Tante le cose che mi sono andate di traverso, a cominciare dal libero accesso ai dipinti: né un vetro alle cornici, né una transenna a limitare la vicinanza dei visitatori [non è pericoloso per l’incolumità di tutti quegli originali?]; le sale, causa enorme affluenza di gente (che gli organizzatori se lo potevano aspettare) e pareti ad angolo che spuntavano dal nulla e messe lì in modo poco ordinato, in alcuni punti erano davvero strette e si finiva a stare a mezzo metro dalla tela; le targhette dei quadri erano scritte a passo 2 e illuminate con lampadine da 1 volt; inoltre, capisco il voler approfondire le tematiche e i pittori a cui la Lempicka si è ispirata per le sue opere, ma dedicare un’intera sala ai vari di cui sopra, credo abbia tolto un po’ di… fervore emotivo alla mostra, che dal suo scoppiettante inizio è andata poi scemando in una serie di ultimi quadri di ispirazione cattolico-moraleggiante e nature – davvero – morte di una Tamara ormai fiacca e segnata dalla depressione.
All’inizio invece si può ammirare la Lempicka famosa per la sua attenzione ai particolari ritenuti trascurabili, quella degli anni Venti-Trenta, dove ogni elemento presente nella composizione serve a dare il giusto equilibrio all’intera opera: un ricciolo metallico, le labbra rosse, le unghie smaltate, i gioielli – quasi ogni soggetto ha al dito almeno un anello, le pieghe del vestito attaccato al corpo come una seconda pelle, scorci di paesaggi spettrali alle spalle degli uomini e delle donne ritratti che rimandano a una metropoli desolata in cui svettano mastodontici palazzi alla “Metropolis” di Fritz Lang e cieli plumbei, ma che visti nella loro totalità non sono nulla in confronto al corpo del o della protagonista che occupa quasi tutto lo spazio disponibile della tela talvolta a grandezza naturale, i nudi tanto voluttuosi e carnali nonostante tracciati con linee vicine al tubismo di Léger; elementi che nell’insieme compongono un’artista che ha saputo creare un suo stile ben riconoscibile e capace di segnare un’epoca non solo in modo artistico ma anche come modello di vita, riuscendo a conquistare l’intera Europa con la sua classe e la sua eccentricità.
Ma come detto in precedenza l’ultima parte della mostra, dedicata ai dipinti tra gli anni ’40-’50, non offre molto coinvolgimento visivo, forse anche per l’impressione di vedere dei quadri fatti in serie e senza verve.
Mancano anche i nudi più famosi come “Adamo ed Eva” o “Gruppo di quattro nudi”, e il bellissimo “Autoportrait” dove la stessa Lempicka in verde sfreccia sulla sua auto dello stesso colore (quest’ultimo perché purtroppo non concesso dai proprietari alla mostra).
Piccole mancanze e dettagli trascurati che fanno però la differenza…
Tuttavia non mancano filmati d’epoca, fotografie, disegni a matita, lettere autografe e oggetti personali originali che ampliano la visione dell’artista e che fanno tutt’uno con i dipinti esposti, mostrandola in tutto il suo fascino non ancora scemato.
Della parte dedicata ai pittori e artisti contemporanei a Tamara, mi ha solo sorpreso positivamente il trovare il dipinto “Donna alla finestra” di Antonio Donghi, ingiustamente sottovalutato dalla massa, le cui opere si possono però ritrovare nel film “L’amore ritrovato” di Mazzacurati sottoforma di tableau-vivant, e una lunga serie di fotografie di Jacques-Henri Lartigue come testimonianza storica e di costume del periodo più prolifico della Lempicka, appunto gli anni Venti e Trenta.

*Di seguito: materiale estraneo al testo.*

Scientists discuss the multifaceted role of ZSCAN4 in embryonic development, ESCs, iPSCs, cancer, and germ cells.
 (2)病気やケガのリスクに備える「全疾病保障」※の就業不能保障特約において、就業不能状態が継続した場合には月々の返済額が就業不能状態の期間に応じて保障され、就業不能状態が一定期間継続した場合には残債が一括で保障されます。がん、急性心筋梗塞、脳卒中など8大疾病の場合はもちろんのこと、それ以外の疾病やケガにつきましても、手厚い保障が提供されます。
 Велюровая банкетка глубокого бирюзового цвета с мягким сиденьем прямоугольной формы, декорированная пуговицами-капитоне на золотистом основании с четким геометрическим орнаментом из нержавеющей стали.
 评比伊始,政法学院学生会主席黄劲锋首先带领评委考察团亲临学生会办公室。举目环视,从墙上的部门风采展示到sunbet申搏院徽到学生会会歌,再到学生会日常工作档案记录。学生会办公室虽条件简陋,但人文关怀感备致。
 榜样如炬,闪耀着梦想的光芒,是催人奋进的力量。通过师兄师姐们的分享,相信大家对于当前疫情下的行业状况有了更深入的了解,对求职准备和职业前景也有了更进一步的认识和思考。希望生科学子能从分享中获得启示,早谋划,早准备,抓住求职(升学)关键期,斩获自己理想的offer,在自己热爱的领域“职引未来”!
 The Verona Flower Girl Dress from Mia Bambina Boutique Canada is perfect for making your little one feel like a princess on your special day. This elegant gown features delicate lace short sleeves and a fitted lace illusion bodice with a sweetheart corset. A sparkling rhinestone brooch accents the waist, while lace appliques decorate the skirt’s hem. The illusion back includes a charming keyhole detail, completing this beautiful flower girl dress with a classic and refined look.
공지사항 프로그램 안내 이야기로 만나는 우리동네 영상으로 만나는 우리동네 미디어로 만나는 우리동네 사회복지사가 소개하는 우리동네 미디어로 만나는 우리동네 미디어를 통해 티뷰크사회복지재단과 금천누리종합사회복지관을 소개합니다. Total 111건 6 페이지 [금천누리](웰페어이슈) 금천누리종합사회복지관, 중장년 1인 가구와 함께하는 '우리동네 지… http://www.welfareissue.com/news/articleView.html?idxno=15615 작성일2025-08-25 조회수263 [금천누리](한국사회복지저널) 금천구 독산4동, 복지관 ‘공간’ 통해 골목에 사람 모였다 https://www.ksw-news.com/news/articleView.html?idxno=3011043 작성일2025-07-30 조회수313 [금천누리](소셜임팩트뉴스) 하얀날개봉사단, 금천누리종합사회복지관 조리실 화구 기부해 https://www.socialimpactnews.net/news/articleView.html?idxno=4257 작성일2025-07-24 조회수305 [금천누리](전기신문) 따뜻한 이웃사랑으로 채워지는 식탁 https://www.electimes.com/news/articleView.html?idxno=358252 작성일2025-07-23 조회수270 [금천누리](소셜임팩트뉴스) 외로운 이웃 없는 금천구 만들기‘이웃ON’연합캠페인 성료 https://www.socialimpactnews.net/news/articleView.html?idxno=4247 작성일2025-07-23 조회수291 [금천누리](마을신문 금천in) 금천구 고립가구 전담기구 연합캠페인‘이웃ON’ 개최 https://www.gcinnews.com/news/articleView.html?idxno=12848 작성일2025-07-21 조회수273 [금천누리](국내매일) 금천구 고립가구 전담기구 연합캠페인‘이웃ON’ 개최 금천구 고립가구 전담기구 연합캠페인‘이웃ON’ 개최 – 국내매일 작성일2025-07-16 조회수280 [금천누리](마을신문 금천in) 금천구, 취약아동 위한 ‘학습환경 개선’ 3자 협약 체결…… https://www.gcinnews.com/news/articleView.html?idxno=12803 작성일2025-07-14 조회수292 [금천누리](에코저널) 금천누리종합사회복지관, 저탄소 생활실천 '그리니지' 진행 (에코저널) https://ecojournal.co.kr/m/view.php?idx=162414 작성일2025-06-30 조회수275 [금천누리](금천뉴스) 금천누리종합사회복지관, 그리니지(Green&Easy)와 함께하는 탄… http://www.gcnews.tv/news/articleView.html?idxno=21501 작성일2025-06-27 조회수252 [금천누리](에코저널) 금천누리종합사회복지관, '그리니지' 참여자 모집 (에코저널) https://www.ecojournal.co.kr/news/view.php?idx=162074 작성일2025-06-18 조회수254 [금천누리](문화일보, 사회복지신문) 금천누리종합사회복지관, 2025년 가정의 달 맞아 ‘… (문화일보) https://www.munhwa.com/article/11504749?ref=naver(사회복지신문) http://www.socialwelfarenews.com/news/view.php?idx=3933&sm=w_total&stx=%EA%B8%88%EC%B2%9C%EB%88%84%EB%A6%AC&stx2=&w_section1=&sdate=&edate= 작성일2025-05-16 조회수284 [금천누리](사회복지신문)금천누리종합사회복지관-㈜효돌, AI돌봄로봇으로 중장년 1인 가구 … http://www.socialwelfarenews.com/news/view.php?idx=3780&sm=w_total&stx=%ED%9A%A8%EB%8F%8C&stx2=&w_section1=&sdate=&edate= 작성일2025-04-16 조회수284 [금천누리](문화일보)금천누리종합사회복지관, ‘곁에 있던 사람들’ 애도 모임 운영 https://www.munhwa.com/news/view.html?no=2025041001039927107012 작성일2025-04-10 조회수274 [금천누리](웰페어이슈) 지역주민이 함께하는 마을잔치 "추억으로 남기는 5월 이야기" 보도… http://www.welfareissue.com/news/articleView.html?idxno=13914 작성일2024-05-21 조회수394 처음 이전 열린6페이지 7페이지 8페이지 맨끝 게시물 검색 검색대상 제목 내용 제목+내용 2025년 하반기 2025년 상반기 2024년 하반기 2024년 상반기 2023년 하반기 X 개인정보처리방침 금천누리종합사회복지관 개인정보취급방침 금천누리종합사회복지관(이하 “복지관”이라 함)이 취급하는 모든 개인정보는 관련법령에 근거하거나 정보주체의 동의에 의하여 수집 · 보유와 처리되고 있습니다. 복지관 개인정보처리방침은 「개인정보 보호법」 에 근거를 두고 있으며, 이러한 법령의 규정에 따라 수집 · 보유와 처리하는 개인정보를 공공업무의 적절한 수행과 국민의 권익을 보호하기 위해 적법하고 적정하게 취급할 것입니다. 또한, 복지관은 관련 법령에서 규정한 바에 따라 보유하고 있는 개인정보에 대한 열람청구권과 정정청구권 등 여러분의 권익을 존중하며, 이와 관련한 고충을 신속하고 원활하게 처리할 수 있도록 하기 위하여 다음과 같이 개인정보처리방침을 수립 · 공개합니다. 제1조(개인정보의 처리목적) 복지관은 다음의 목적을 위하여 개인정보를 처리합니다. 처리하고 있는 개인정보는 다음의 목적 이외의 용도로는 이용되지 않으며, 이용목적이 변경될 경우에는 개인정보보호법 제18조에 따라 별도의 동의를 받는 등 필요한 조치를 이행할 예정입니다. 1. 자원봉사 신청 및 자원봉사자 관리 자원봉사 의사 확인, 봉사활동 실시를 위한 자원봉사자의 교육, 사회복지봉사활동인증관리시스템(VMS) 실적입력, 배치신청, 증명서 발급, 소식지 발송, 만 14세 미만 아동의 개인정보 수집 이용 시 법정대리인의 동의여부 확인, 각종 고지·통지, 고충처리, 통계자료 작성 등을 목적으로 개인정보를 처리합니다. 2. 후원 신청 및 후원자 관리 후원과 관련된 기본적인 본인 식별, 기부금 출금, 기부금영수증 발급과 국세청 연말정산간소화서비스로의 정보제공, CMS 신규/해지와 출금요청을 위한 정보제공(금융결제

Curiosità: i biglietti d’ingresso sono consegnati (a caso, o forse in base al giorno della visita) in più esemplari, a me è capitato quello che vedete sopra il titolo col particolare di “Jeune fille en vert”.

(mostra visitata il 13/01/2007)

[All’uscita dalla mostra…] clicca!

“Buzzati racconta – storie disegnate e dipinte”
Rotonda di via Besana, Milano
prorogata fino all’11 febbraio 2007

“Il fatto è questo: io mi trovo vittima di un crudele equivoco. Sono un pittore il quale, per hobby, durante un periodo prolungato, ha fatto anche lo scrittore e il giornalista. Il mondo invece crede che sia viceversa e le mie pittore quindi non le “può” prendere sul serio. La pittura per me non è un hobby, ma il mestiere; hobby per me è scrivere. Ma dipingere e scrivere per me sono in fondo la stessa cosa. Che dipinga o che scriva, io perseguo il medesimo scopo, che è quello di raccontare delle storie. (Dino Buzzati, 1967)”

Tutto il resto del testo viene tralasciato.